Your instructions:
Below are some records. Retype exactly the lines from the one containing "璞匠通心白莲子干货去芯莲子官方旗舰店通芯无芯莲米搭百合银耳羹" through the one containing "La table de", both included, skipping every picture.

Supplied material:

****************************************

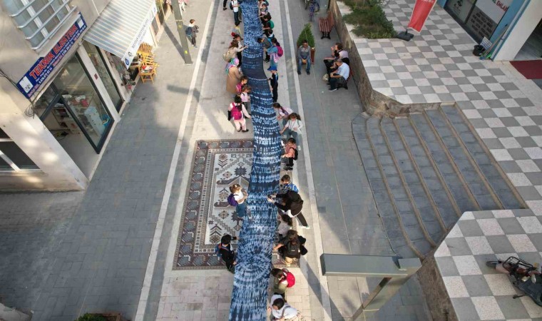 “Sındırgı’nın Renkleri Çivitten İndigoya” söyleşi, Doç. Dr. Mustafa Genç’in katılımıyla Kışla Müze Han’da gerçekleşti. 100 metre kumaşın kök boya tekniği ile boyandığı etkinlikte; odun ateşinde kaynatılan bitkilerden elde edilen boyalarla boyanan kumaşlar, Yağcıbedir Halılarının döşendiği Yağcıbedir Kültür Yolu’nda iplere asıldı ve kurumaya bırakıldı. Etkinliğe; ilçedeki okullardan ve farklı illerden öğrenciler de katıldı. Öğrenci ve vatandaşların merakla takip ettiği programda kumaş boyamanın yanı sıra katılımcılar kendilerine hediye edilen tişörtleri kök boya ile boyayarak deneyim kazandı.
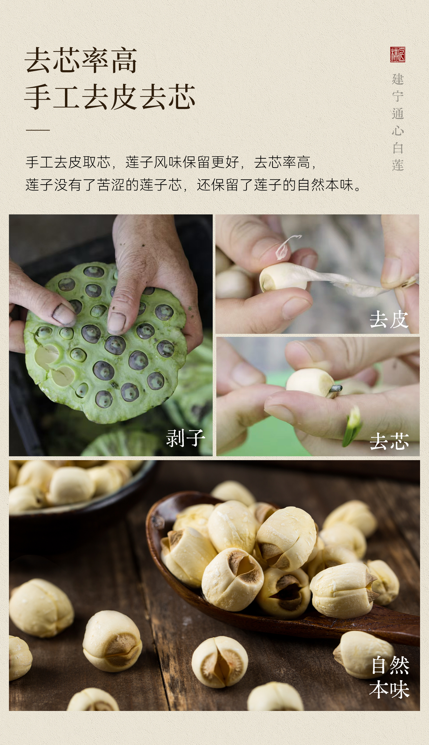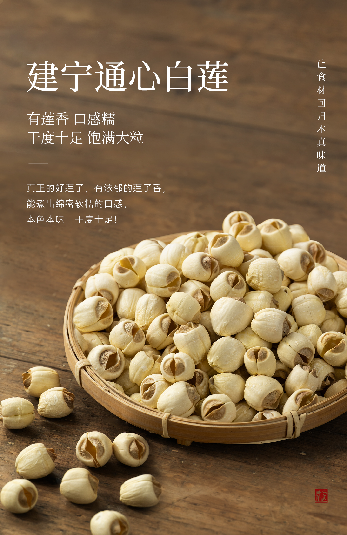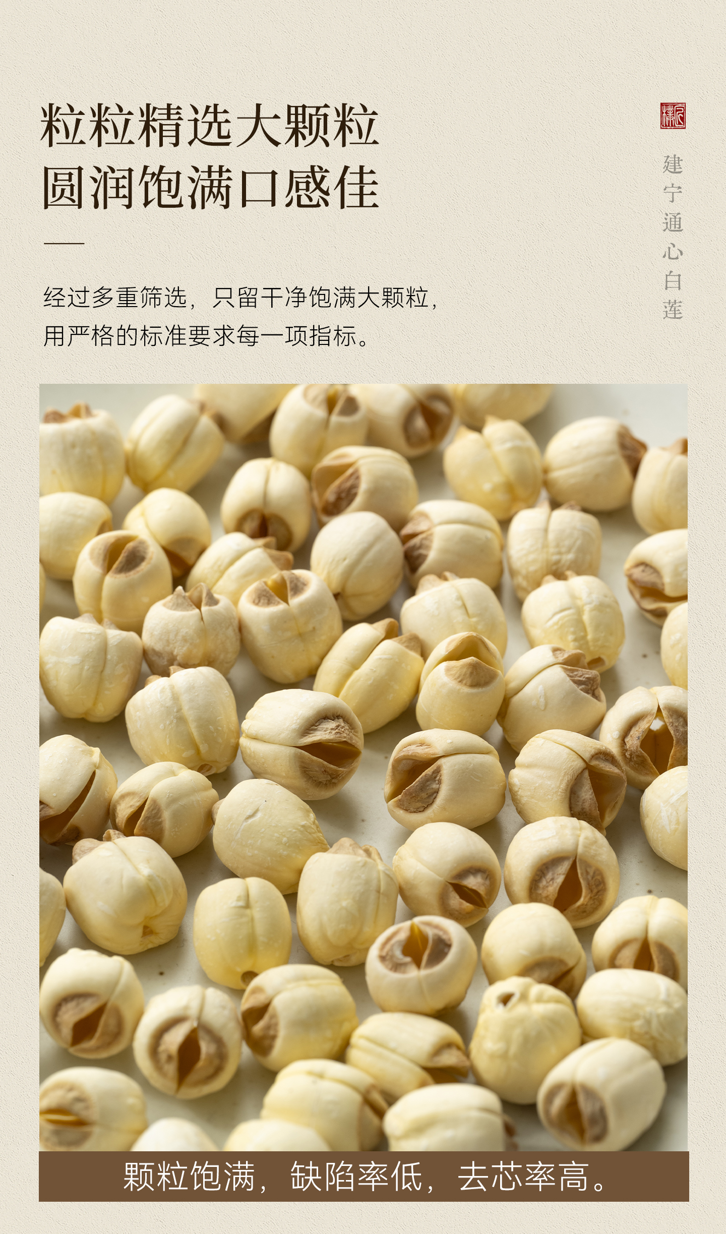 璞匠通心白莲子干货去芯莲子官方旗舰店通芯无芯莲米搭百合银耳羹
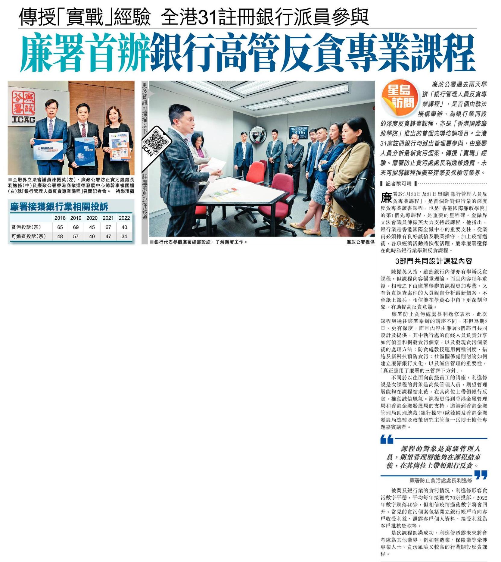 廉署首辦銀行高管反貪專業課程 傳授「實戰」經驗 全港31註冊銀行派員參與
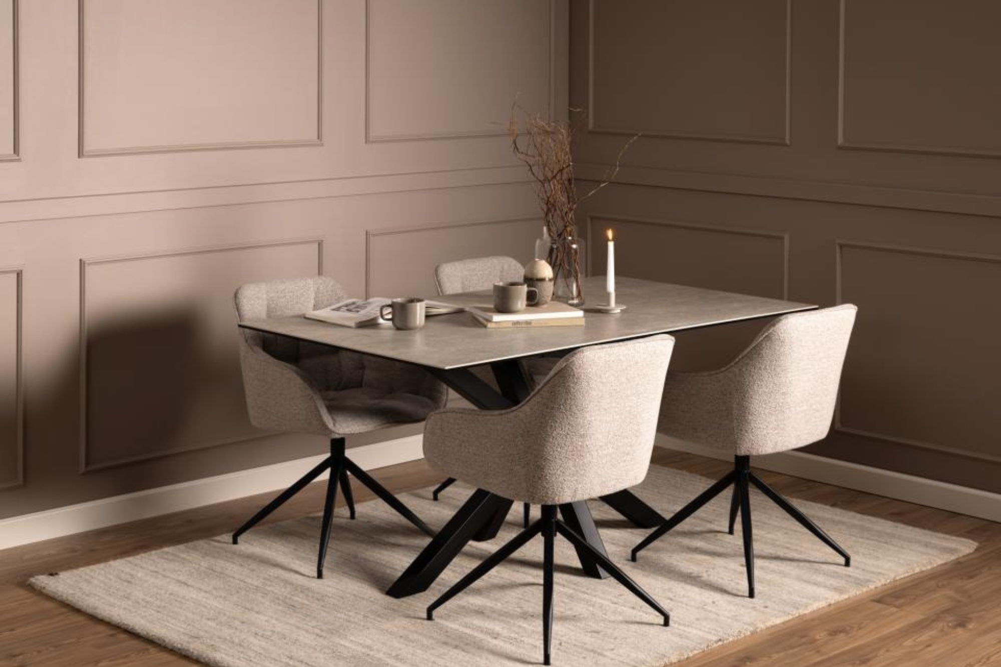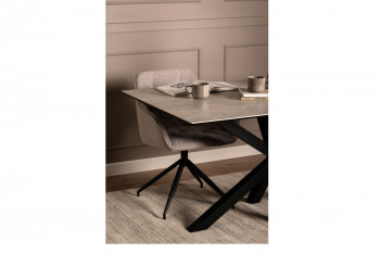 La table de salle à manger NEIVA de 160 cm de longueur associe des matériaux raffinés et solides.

****************************************

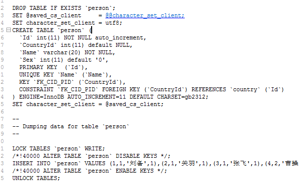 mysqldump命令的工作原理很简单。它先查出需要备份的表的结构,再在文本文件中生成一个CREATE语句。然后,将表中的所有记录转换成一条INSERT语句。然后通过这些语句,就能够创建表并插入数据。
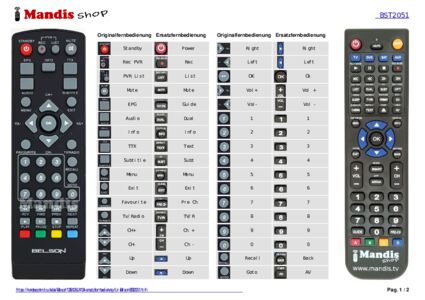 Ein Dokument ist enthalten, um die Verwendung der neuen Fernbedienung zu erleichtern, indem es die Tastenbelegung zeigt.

****************************************

Task output:
 璞匠通心白莲子干货去芯莲子官方旗舰店通芯无芯莲米搭百合银耳羹
 廉署首辦銀行高管反貪專業課程 傳授「實戰」經驗 全港31註冊銀行派員參與
 La table de salle à manger NEIVA de 160 cm de longueur associe des matériaux raffinés et solides.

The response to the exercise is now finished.